リチャードの秘密(2012年製作の映画)
3.4
アイルランドで実際に起きた事件を元に、南ダブリンの裕福な家庭に育った18歳のリチャードがバカンス中にララと知り合い恋に落ちる。しかし彼女の元カレで友人コナーの影がちらつきある日喧嘩になり、倒れたコナーを放置したまま帰ってしまう。翌朝遺体となり発見され。。

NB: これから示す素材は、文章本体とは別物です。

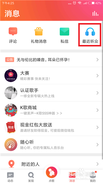 首先要和大师说的一点就是全平易近K歌中最新的听众就是别人拜候我们本家儿页的记实,我们先找到比来听众,打开全平易近K歌后在底部点击【动静】。
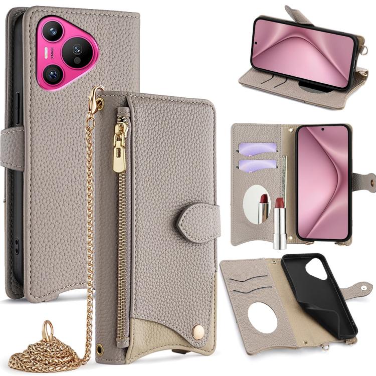 Funda de Cuero Tipo Lichi con Forma de Cola de Pez y Cadena Cruzada para Huawei Pura 70 (Gris)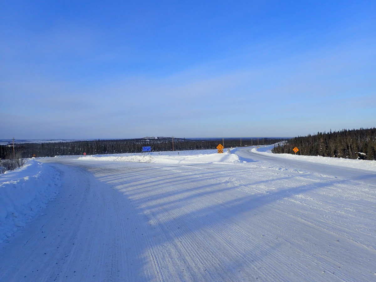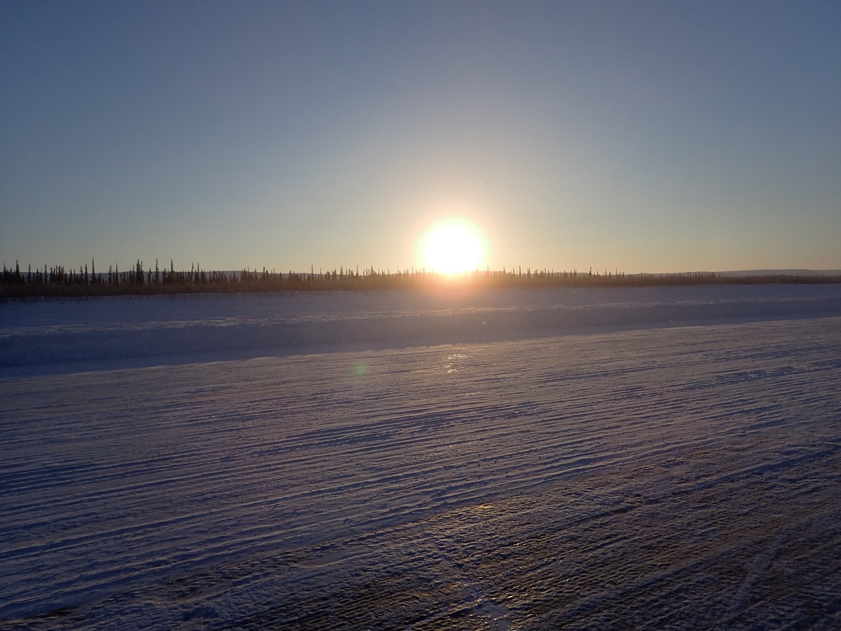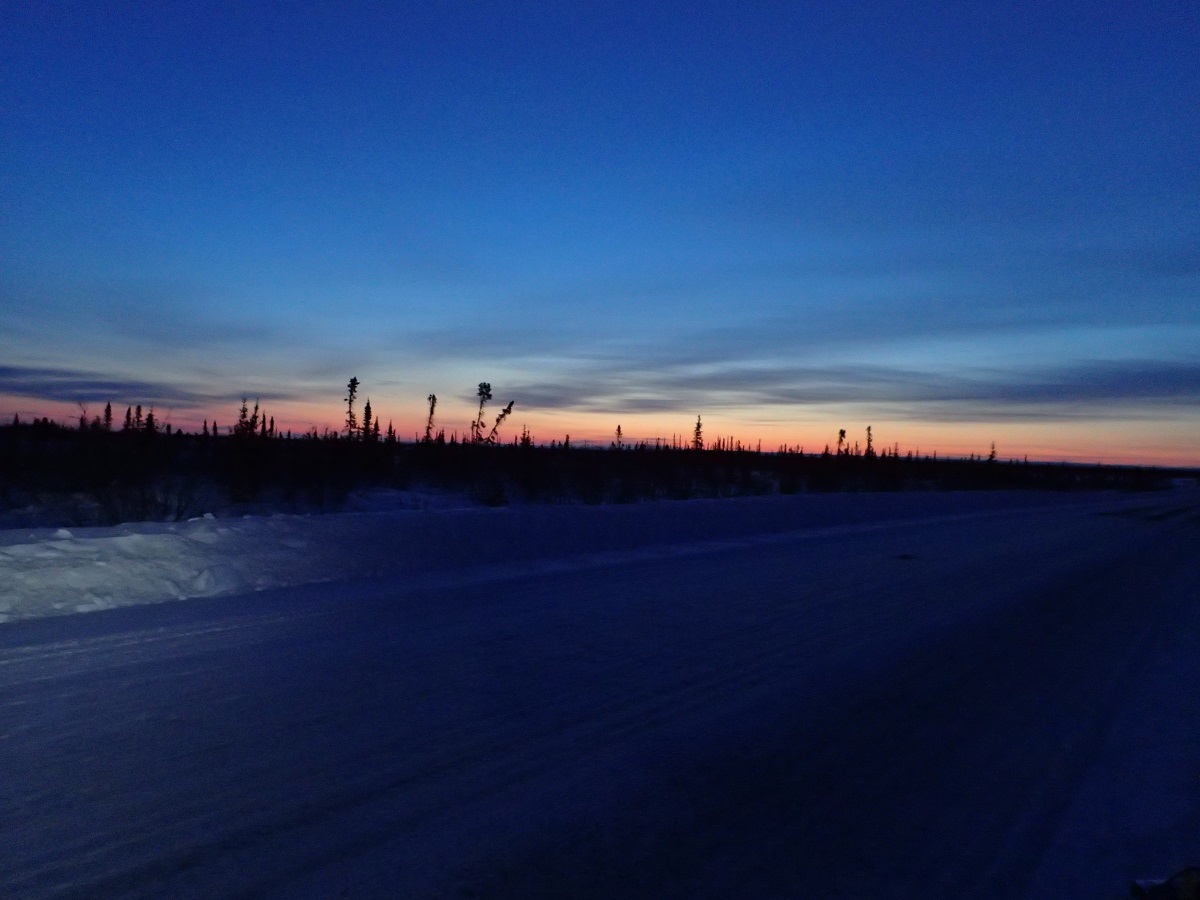 2度目の睡眠は明るくなってから道にカーブが現れ始めたところで除雪の壁がない広い路肩で寝る。真夜中はほとんど車(トレーラー)が来ないが明るくなると車が来るようになるため明るくなる前に寝る場所を決めれるとよかった。日中は変化に乏しい道をひたすら歩く。この区間は82kmといつもより10kmくらい長いので行動時間が2~3時間長くなる。きれいな夕日を見ながらカリブークリークの近くまできた。夕日といっても太陽が低い位置にあるだけでここからなかなか沈まないのだが。道の左側に大会スタッフっぽい車が止まっているが人はいなく建物もない。前のCPでは分岐でスタッフが待っていて「ついてこい」だったので、誰もいないということは違うのかもと思い先へ進む。先のほうにもキャンプ場っぽい看板が出ていたりする。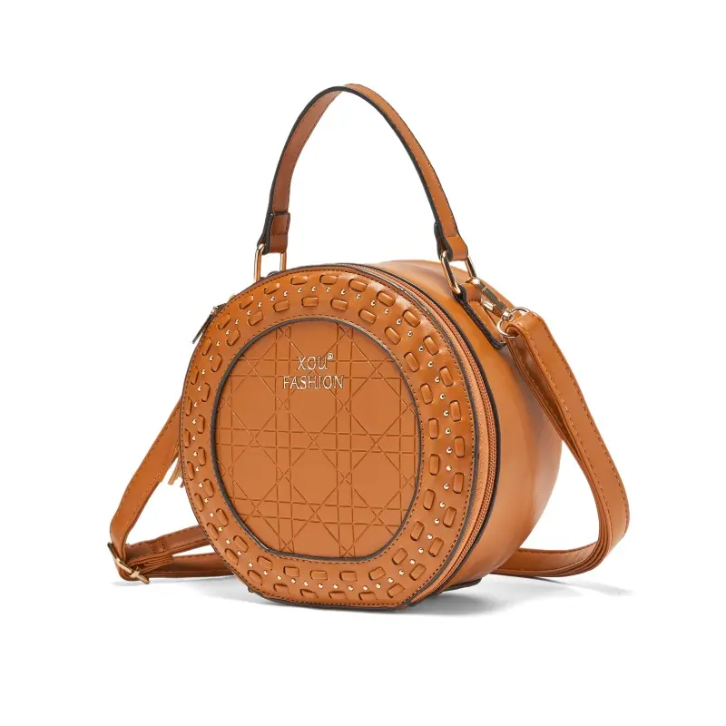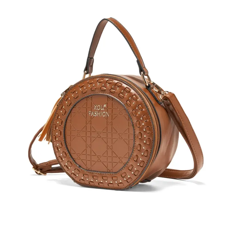 5. XOU Fashion Tas Selempang Wanita Model Bulat X-720 Desain Rivet Elegan Tali Bahu Nyaman Cocok untuk Sehari-hari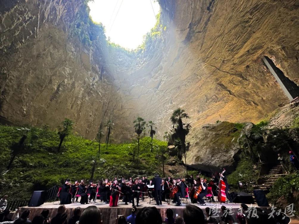 宣恩縣黨員干部打破常規思維“封印”,在矅天眼景區舉辦“天坑交響音樂會”,讓古典樂章回蕩在290米深的天然“音樂廳”,吸引央視等主流媒體關注。
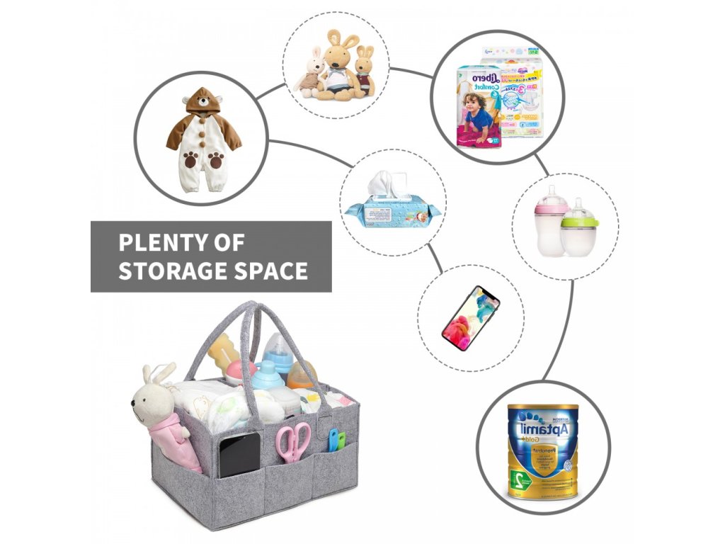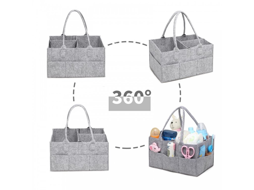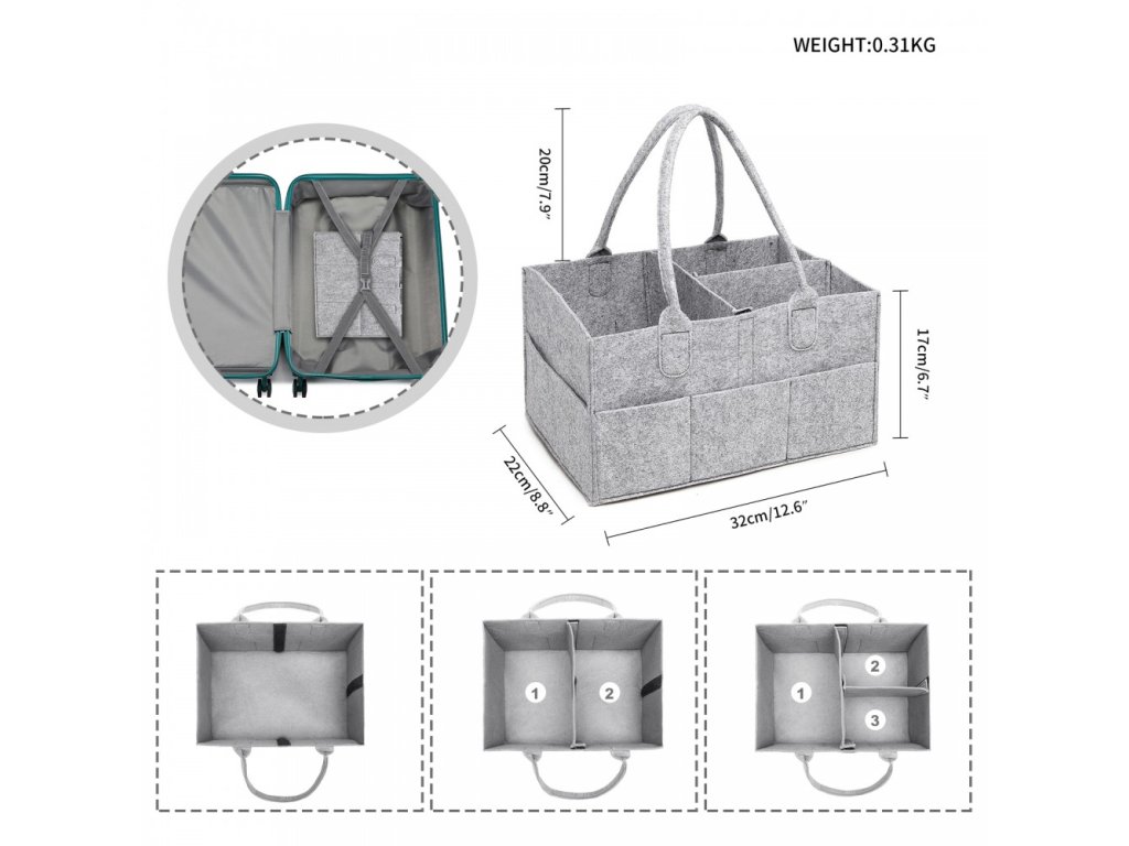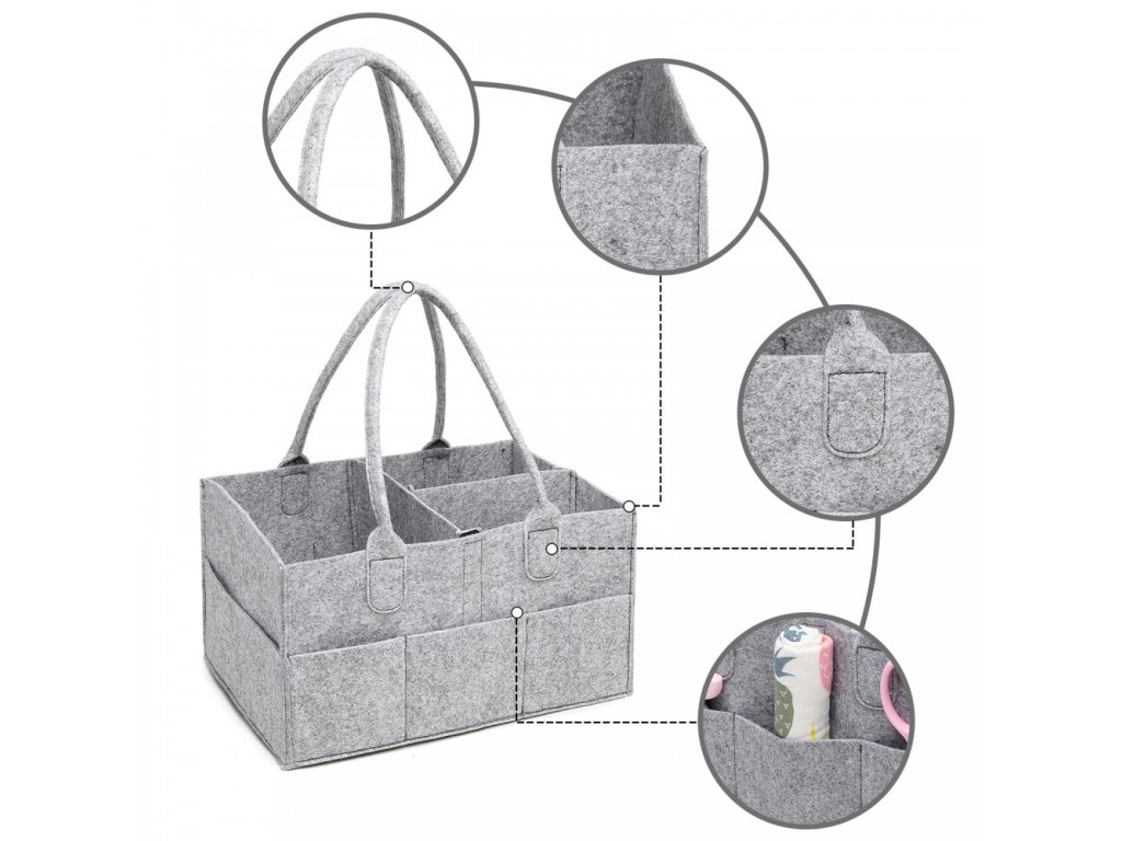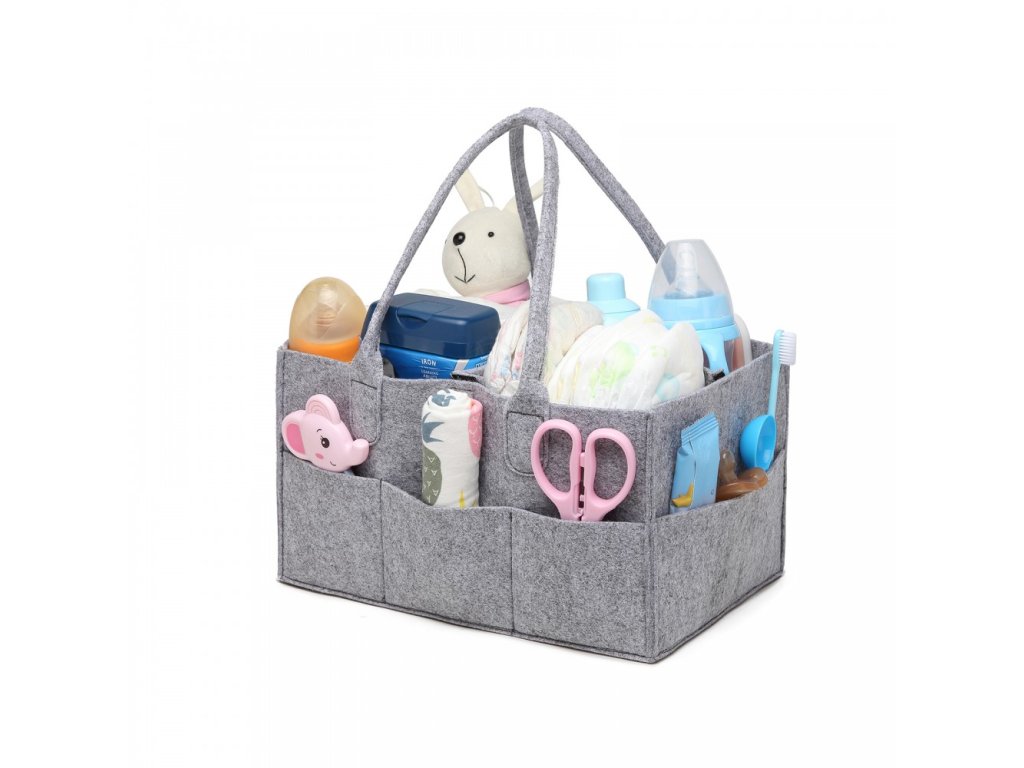 Praktický všestranný filcový organizér pro dětské potřeby v šedé barvě.
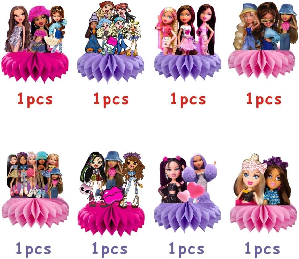 You will receive 8pc Brat Girls themed honeycomb centerpieces. With its stylish design and cute characters, it's sure to be a hit with both kids and adults!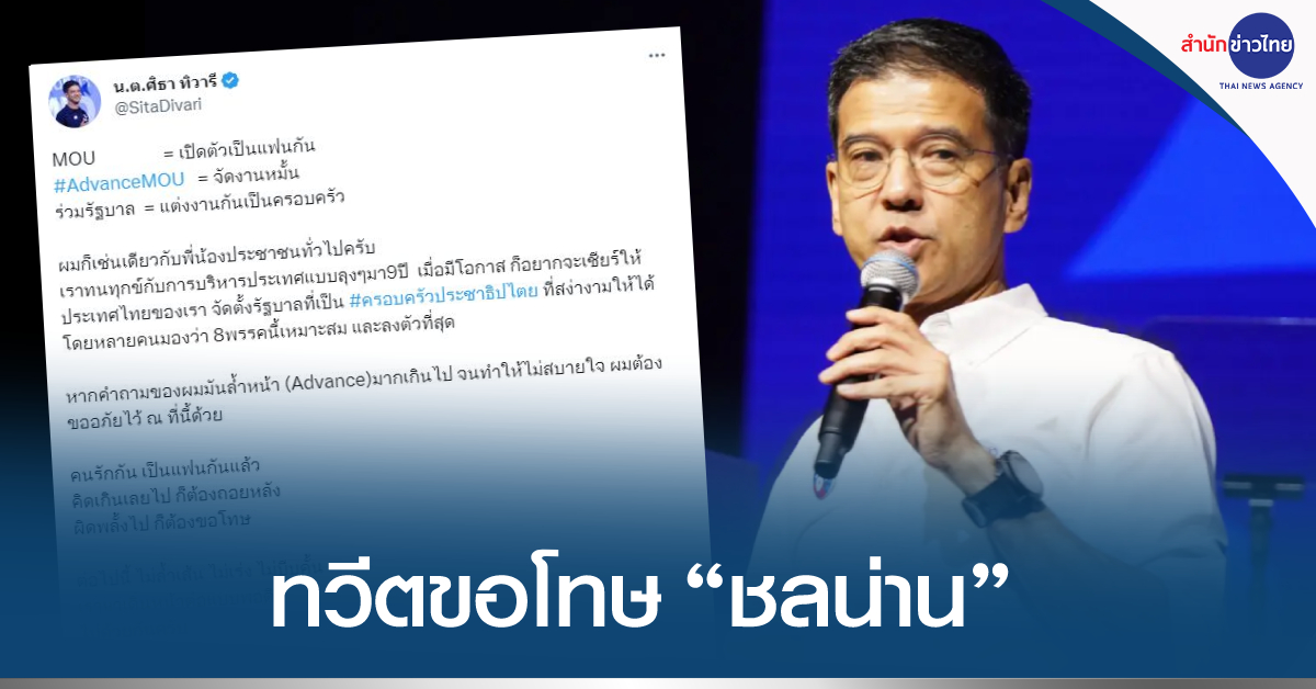 ผู้สื่อข่าวรายงานว่า ภายหลังจากที่ น.ต.ศิธา ทิวารี แคนดิเดตนายกรัฐมนตรีของพรรคไทยสร้างไทย ตั้งคำถามในเวทีแถลง MOU จัดตั้งรัฐบาลของพรรคกาวไกล และยังโพสต์เฟซบุ๊กพาดพิง นพ.ชลน่าน ศรีแก้ว หัวหน้าพรรคเพื่อไทย จนสร้างความไม่พอใจให้แก่ นพ.ชลน่าน โดยเรียกร้องให้พรรคก้าวไกลเคลียร์เรื่องดังกล่าว ให้ น.ต.ศิธา ขอโทษ ล่าสุด น.ต.ศิธา ได้ทวีตข้อความเมื่อเวลา 10.43 น. ขอโทษและขออภัยต่อกรณีถามคำถามในวันแถลง MOU ตั้งรัฐบาล
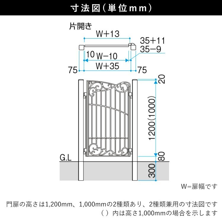 | 有料オプション | ・外開きひじ金具<片開き用>はこちら 扉の開閉方向:外開き(道路側へ開く)仕様に するための外開きヒジ金具セット ・門扉ストッパー<サイズは2種類> 扉を開いた際の障害物との接触防止や、 大きく開いた際に丁版ボルトカバーと、ヒジ金具の干渉を抑制します ●高さ10cmはこちら● ●高さ15cmはこちら● | |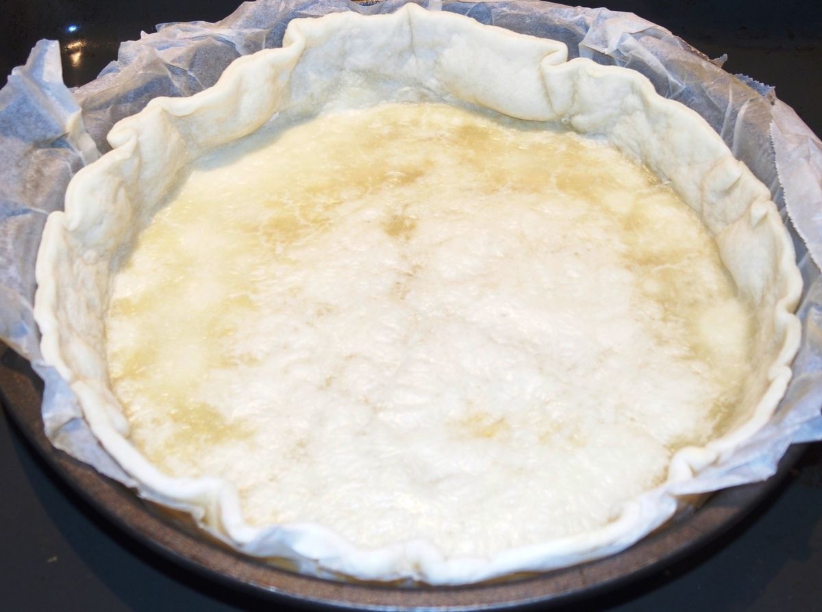 2) Foncer le moule à tarte avec la pâte abaissée. Moi, je laisse le papier sulfurisé. Sinon, beurrer et fariner le moule à tarte avant d'y déposer la pâte. Bien appuyer sur la pâte sur tout le tour du moule afin qu'elle adhère bien. La coller presque contre les bords (sinon elle va se rétracter et retomber dans le moule). Ainsi que sur le contour du fond qui fait angle droit avec les bords. Piquer avec une fourchette le fond. Dans un grand récipient, casser les oeufs. Tremper un pinceau à pâtisserie uniquement dans le blanc et badigeonner le fond de la tarte au pinceau avec le blanc (l'équivalent d'une cuillère à soupe).  Enfourner dans le bas du four préchauffé à 220°C sur la grille pour 7 minutes. Si la pâte lève en cours de cuisson, ouvrez la porte du four et piquez avec une fourchette. Non mais, on va pas se laisser faire...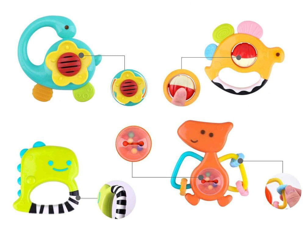 Set sadrži 5 različitih zvečki zapakiranih u šareno, lijepo i originalno pakiranje.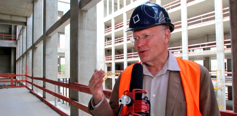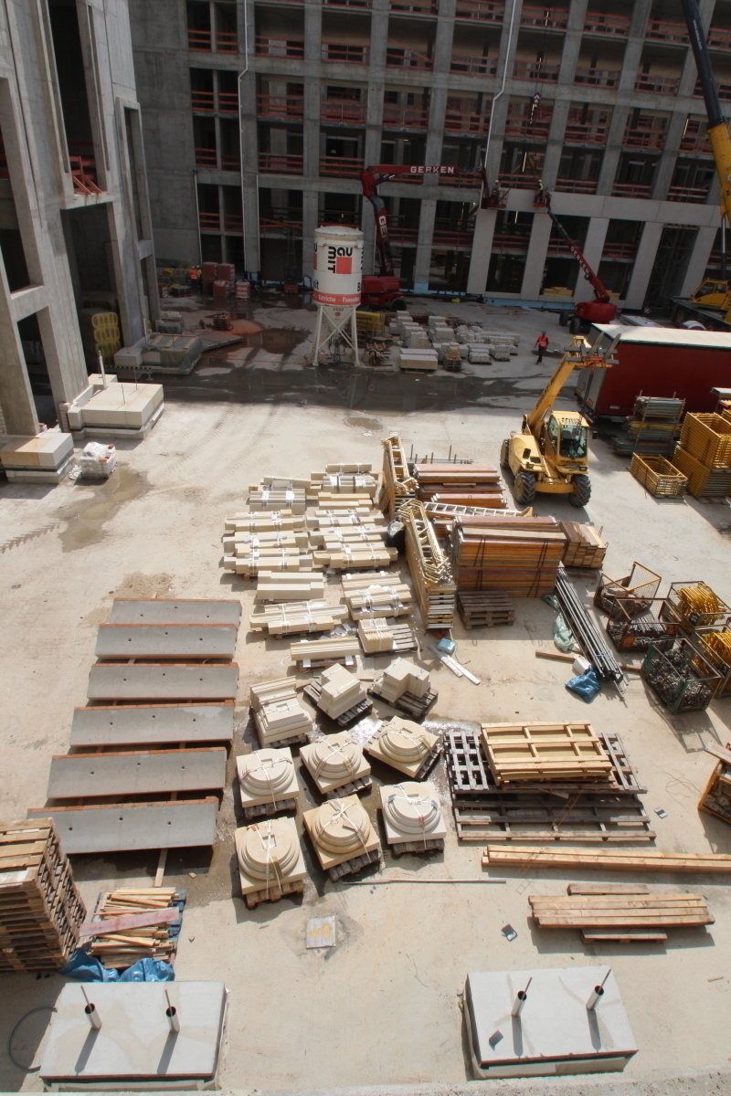 Alles läuft nach Plan: „Wir wollen in diesem Jahr das Gebäude baulich dicht bekommen, damit wir nächstes Jahr mit dem Innenausbau beginnen können“, so Manfred Rettig. Parallel dazu laufen natürlich auch die Arbeiten an den Fassaden weiter. „Diese werden in diesem und im nächsten Jahr im wesentlichen errichtet werden“, erklärt Rettig. Im übernächsten Jahr werden dann die Ziegelaußenwände verputzt. „Wir haben fünf verschiedene Firmen, die an diesen Fassaden arbeiten, und die machen alle eine gute Arbeit“, ist Manfred Rettig überzeugt.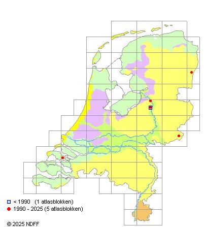 Het aantal atlasblokken (5x5 km) waarin de soort is gemeld binnen een periode van vijf jaar (vanaf 1980) of twintig jaar. Niet gecorrigeerd voor waarnemersinspanning en het aantal doorgegeven waarnemingen kan sterk variëren per periode, dus een trend in verspreiding kan hier niet direct uit worden afgelezen. Het opgegeven jaartal is het eerste jaar van de periode. Bron: gevalideerde waarnemingen uit de NDFF.

丁寧にきらびやかで幸せな日々を紡ぎあげていく。正義感が強く、友人も多く、みんなからも信頼されている。裕福な家庭に生まれ育ち、家族との仲も良好だ。前半はリチャードと取り巻く環境を青春のきらびやかさと交差させしっかりと描写した後、後半はコナーの死を巡り180度トーンを変えて作品を引き締めていく。罪悪感と今まで紡ぎあげてきたものとの狭間で、揺れ動く男の心境を寄り添う音楽、ダークな色彩、閉鎖的なカメラワークでしっかりと描写することで観客も感情移入させられる。

父親との会話にも互いの葛藤を、絶妙な会話の間に忍び込ませ、泣き叫び一人孤独の中ただその罪と向き合うリチャード。皮肉にも日々は確実に流れていく様を適度に描写し、優等生の結末で十分に見応えがある作品として終われたであろう。

しかしそうはいかない静かなる結末に胸を抉られる。どちらの選択も過酷である。しかし自分に胸を張れない選択はいつかそれと向き合う日が来るだろう。向き合うなら早い方が良い。分かっていながらを彼のように何かしらの秘密を抱えて生きている人は多いのではないか。その結末は観客に静かながらも確実にメッセージを残してくれる。